2. Description of the Prior Art
Pictorial and graphics images contain extremely large amounts of information and, if digitized to allow transmission or processing by digital data processors, often requires many millions of bytes to represent respective pixels of the image or graphics with good fidelity. The purpose of image data compression is to represent images with less data in order to save storage costs or transmission time and costs. The most effective compression is achieved by approximating the original image, rather than reproducing it exactly. The JPEG standard, discussed in detail in “JPEG Still Image Data Compression Standard” by Pennebaker and Mitchell, published by Van Nostrand Reinhold, 1993, which is hereby fully incorporated by reference, allows the interchange of images between diverse applications and opens up the capability to provide digital continuous-tone color images in multi-media applications.
JPEG is primarily concerned with images that have two spatial dimensions, contain gray scale or color information, and possess no temporal dependence, as distinguished from the MPEG (Moving Picture Experts Group) standard which additionally exploits redundancy between frames for additional compression to meet motion picture and/or television frame rate demands. The JPEG standard has been developed as a flexible system for potentially providing the highest possible image fidelity for a given amount of data while allowing the amount of data representing the image to be reduced by a substantially arbitrary factor. The JPEG standard also allows substantial exploitation of relative sensitivities and insensitivities of human visual perception and it is not unusual for the JPEG standard to allow image data compression by a factor of twenty or more without significant perceptible image degradation.
At the same time, virtually no constraints are placed on processor resources or data processing methodologies so that improvements therein that result in reduced processing time will allow increased throughput and additional processing to be achieved in environments such as high speed printers where the printer will eject blank pages if the next complete page is not ready. Nevertheless, substantial data processing is required for encoding and decoding, particularly due to the need for statistical analyses of converted image values (e.g. discrete cosine transform (DCT) coefficients) in order to assure substantial data compression in accordance with the concept of entropy coding.
The concept of entropy coding generally parallels the concept of entropy in the more familiar context of thermodynamics where entropy quantifies the amount of “disorder” in a physical system. In the field of information theory, entropy is a measure of the predictability of the content of any given quantum of information (e.g. symbol) in the environment of a collection of data of arbitrary size and independent of the meaning of any given quantum of information or symbol.
This concept provides an achievable lower bound for the amount of compression that can be achieved for a given alphabet of symbols and, more fundamentally, leads to an approach to compression on the premise that relatively more predictable data or symbols contain less information than less predictable data or symbols and the converse that relatively less predictable data or symbols contain more information than more predictable data or symbols. Thus, assuming a suitable code for the purpose, optimally efficient compression can be achieved by allocating fewer bits to more predictable symbols or values (that are more common in the body of data and include less information) while reserving longer codes for relatively rare symbols or values.
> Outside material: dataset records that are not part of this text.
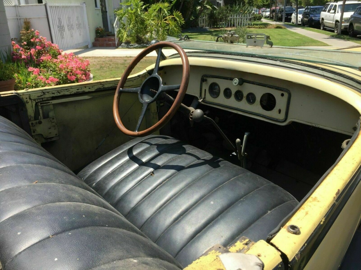 The car is a convertible, so you can clearly see the condition of the interior. The vinyl seats do seem to glisten in the sun. According to the seller, the windshield folds up and down properly, but it does have a crack in it. The top frame is complete and intact, although there are no photos of it. All opening and closing components, like the doors and rumble seat area perform the task as expected. They say the underside of the car is rust free and looks like it has never seen any water.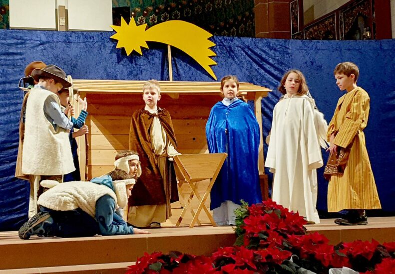 Foto: Stephanie KasperAn Heiligabend fand am Nachmittag die Kinderkrippenfeier in der Pfarrkirche St. Gallus statt. Viele Familien waren gekommen, um den Gottesdienst an diesem wichtigen Tag im Kirchenjahr gemeinschaftlich zu feiern.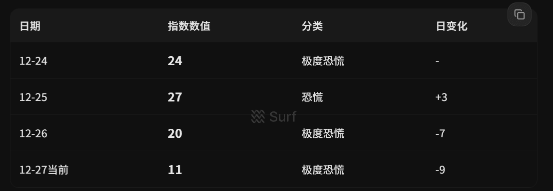 Der aktuelle Markt befindet sich in einem Zustand extremer Angst (Angstindex im Bereich 11-27), BTC/ETH zeigt einen Nettomittelzufluss in die Börse, das Verhalten der On-Chain-Großanleger ist diversifiziert (BTC hauptsächlich verteilt, ETH kontinuierlich akkumuliert), technische Indikatoren deuten kurzfristig auf einen Rückgang hin, aber es gibt keine Überverkaufsbedingungen, in den letzten 3 Tagen gab es Liquidationen über 180 Millionen Dollar. Gesamteinschätzung: Marktentwicklung ist schwach, Feiertagsbedingte geringe Liquidität verstärkt die Volatilität, kurzfristig unter Druck, aber nicht in einer extremen Verkaufszone.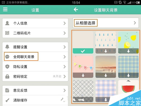 打开“易信”软件,在侧边栏中选择“设置”。进入“设置”界面后,点击“全局聊天背景”。进入易信的聊天背景设置界面后,用户可以选择易信提供的背景,也可以点击“从相册选择”中选择手机上好看的图片作为背景。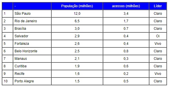 São Paulo, Rio de Janeiro, Brasília, Salvador, Fortaleza, Belo Horizonte, Manaus, Curitiba, Recife e Porto Alegre concentram 17,5% da população brasileira e 30,3% dos acessos em banda larga fixa, segundo dados de abril deste ano.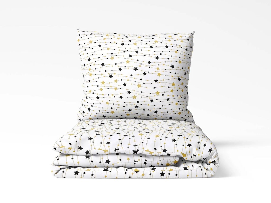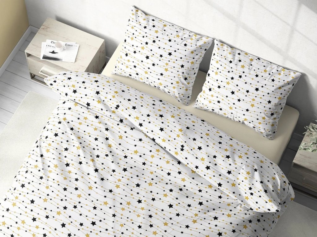 Vneste do svojej spálne pravú zimnú atmosféru s našimi flanelovými obliečkami s vianočnou potlačou hviezdičiek. Kombinácia zlatej a čiernej farby vytvára luxusný a nadčasový vzhľad, ktorý premení vašu spálňu na miesto plné pohody, tepla a sviatočnej nálady.

By the same token, however, the JPEG standard and other image data compression standards have substantially no implications in regard to efficiency of data processing for encoding, decoding or other desired image manipulations beyond those expected from alteration of the volume of data to be processed, transmitted or stored. On the contrary, the very flexibility of coding provided by the JPEG standard requires substantial processing to determine details of the manner in which data is to be decoded, particularly in regard to portions of the coded data which represent variable length codes necessary to efficient data compression in accordance with the principles of entropy coding.
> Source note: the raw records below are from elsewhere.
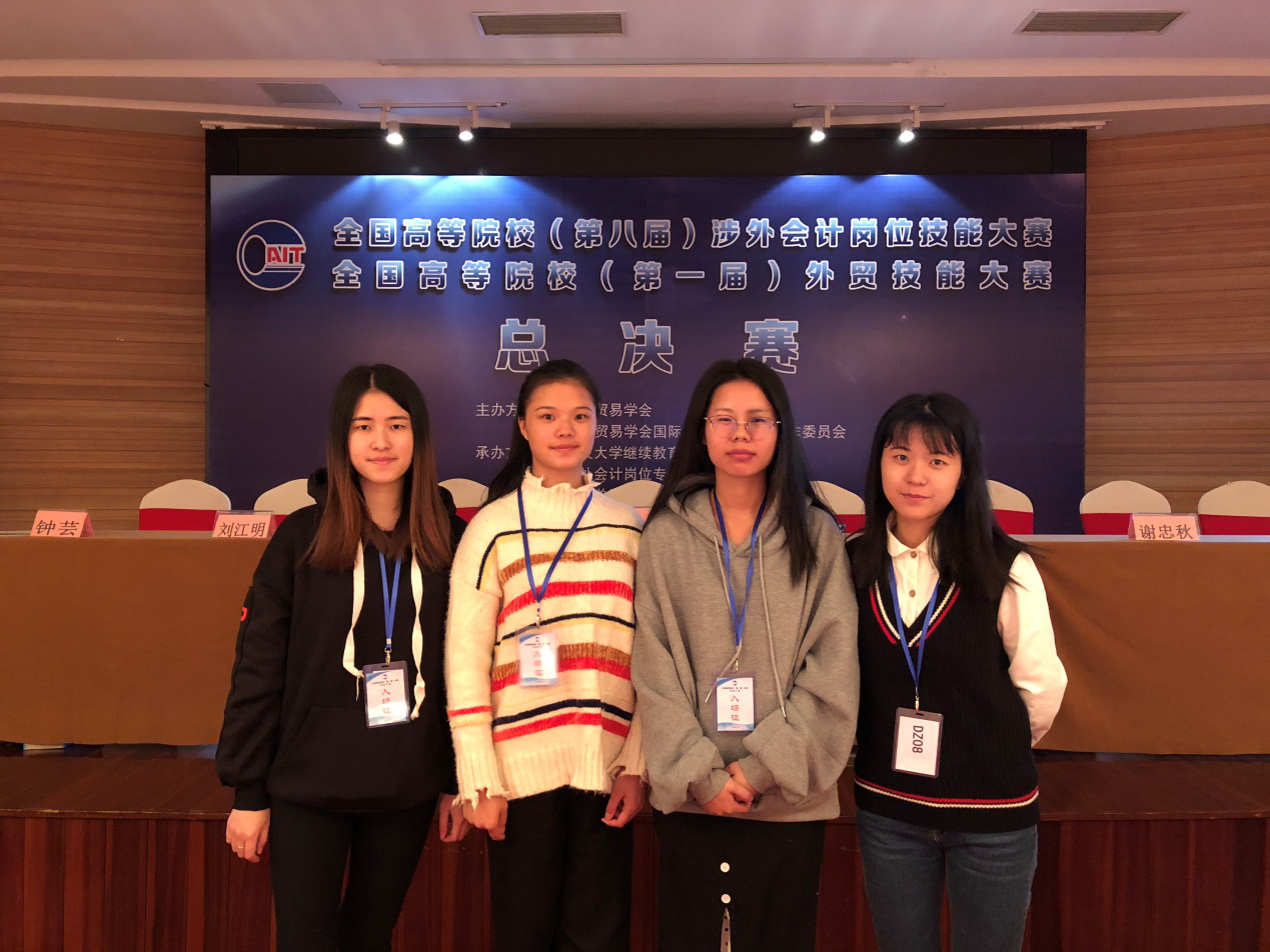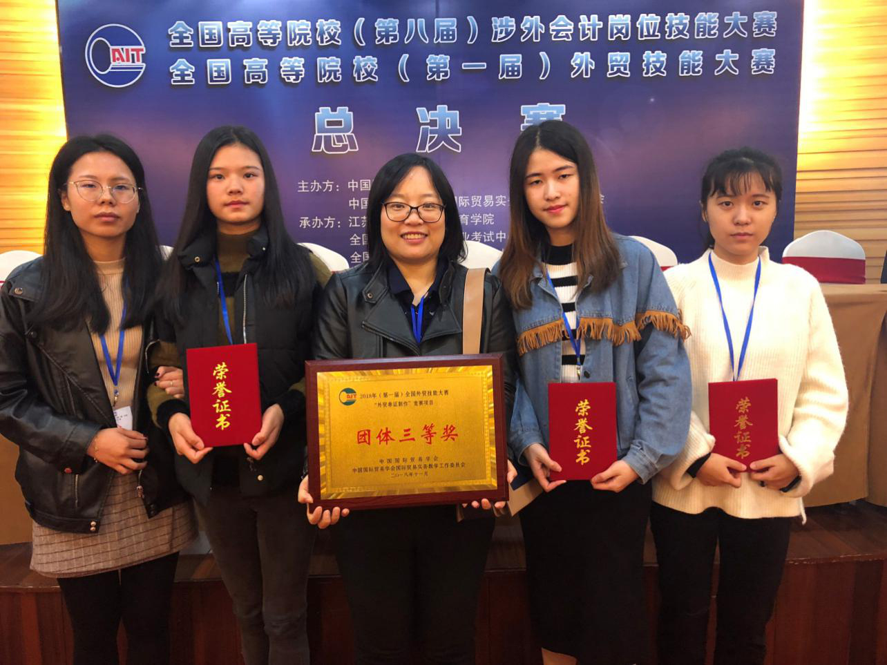 为了大力推进本校高素质技能型人才的培养,提高外贸单证制作水平,检验教学效果,培养大学生的动手实践能力,提升我校学生的综合素质,国际经济与贸易系在院领导和系领导的大力支持下,委派曾靓老师为指导老师,选拔了2016级国际经济与贸易专业四名学生参与了大赛,最终获得个人二等奖一个(刘倩颖)、个人三等奖一个(何倩)以及团体三等奖(刘倩颖、何倩、董露、杨小芳)的成绩。本次大赛,展现了bat365官网国际贸易单证实务的教学水平,也为未来专业改革和实践教学提供新的方向。 团体三等奖 刘倩颖个人二等奖 何倩个人三等奖 全体参赛选手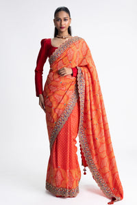 Orange Bandhani Silk Zardozi Embroidery Saree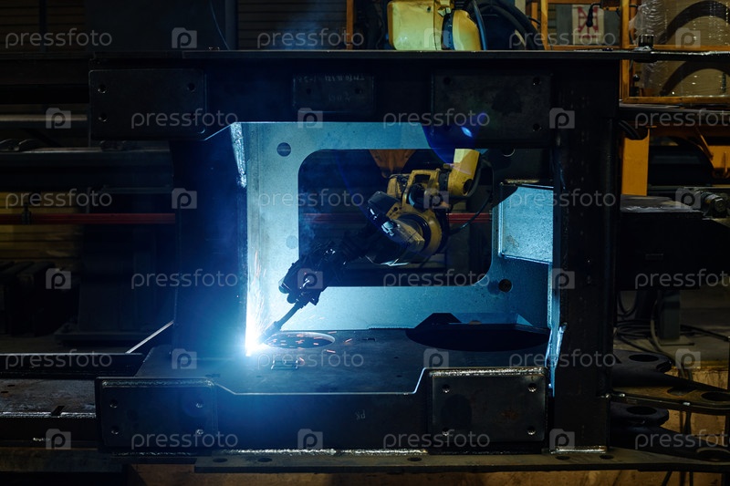 Роботизированная рука сварки металлического каркаса в промышленной обстановке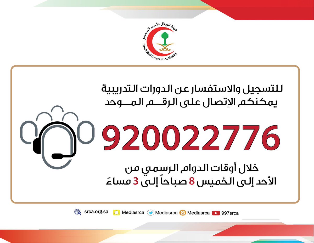 هيئة الهلال الأحمر السعودي على تويتر أهلا وسهلا لطلب الدورات التدريبية كمجموعة يرجى التواصل مع رقم الخدمة المجتمعية 19971 أو من خلال ارسال طلب للبريد الكتروني Coursereg Srca Org Sa نسعد بخدمتكم وتواصلكم Https T Co 5ufaaiwcqs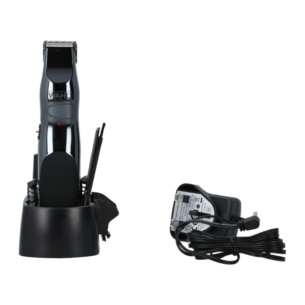 مزودة بكافة الملحقات اللازمة: مشط تثبيت قابل للتعديل، ثلاثة أمشاط تشذيب ضيقة، مشط شارب، حقيبة تخزين، فرشاة تنظيف، شاحن، وزيت الشفرات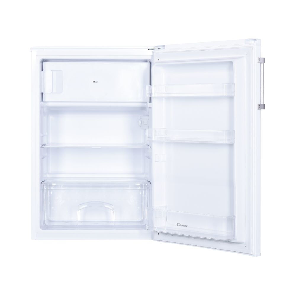 Deze compacte Candy koelkast heeft een grote stijl en functionaliteit in een klein formaat. Het slanke witte ontwerp past naadloos in elke keukeninrichting en biedt 109 liter koelcapaciteit. De omkeerbare deur zwaait open en onthult veel schappen voor het organiseren van snacks, drankjes en restjes. De energiezuinige F-classificatie helpt de energiekosten laag te houden, terwijl de verstelbare voetjes het apparaat waterpas zetten voor optimale prestaties. Bovendien zorgt de fluisterstille werking van 40 decibel ervoor dat deze koelkast stilletjes op de achtergrond werkt, zodat jij je kunt concentreren op wat belangrijk is. Klein maar krachtig, deze Candy koelkast biedt de opslag die je nodig hebt in een ontwerp dat naadloos integreert.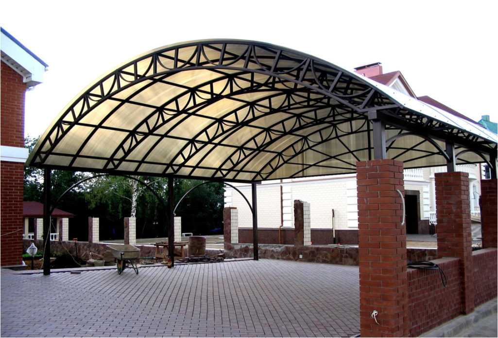 В последнее время актуальны арочные конструкции, обычно, это навес из поликарбоната, пристроенный к дому, на металлическом каркасе. Строения приобрели популярность вследствие невысокой цены, легкости монтажа и некой изящности, благодаря материалам. Они не загромождают архитектурный ансамбль и являются практичной, надежной защитой от атмосферных сюрпризов.

It has been found that some processing is, in fact, complicated by some intermediate data formats which are compatible with entropy encoding into the JPEG standard but not others which are similarly compatible. These standards specify the data streams but not the intermediate formats.
It should also be appreciated that image data compression standards such as the JPEG standard are principally directed toward facilitating exploitation of the trade-off between image fidelity and data transmission and processing time or required storage capacity. However, at the current time, some applications such as high performance printers and image browsers place high demands on both image fidelity and rapid data conversion. For example, high resolution color printers are foreseeable having such high printing speed that processing power at or exceeding the limits of current practicality is required. Such applications may also require additional processing such as image rotation or size change prior to image decoding for which, as a practical matter, no time is available.
Further, it should be appreciated that some loss of fidelity is unavoidable due to the quantization of image data for digital processing. Therefore, coding and decoding is, to some degree, lossy. This lossiness is acceptable for a single coding and decoding process since the nature of quantization can be freely chosen. However, multiple coding and decoding processes which may be necessitated by a need to perform certain image manipulations, such as rotation, on decoded data (that must again be encoded and decoded for efficient processing and storage and acceptable data processing time to reconstruct the image) generally cause substantial and readily perceptible image degradation.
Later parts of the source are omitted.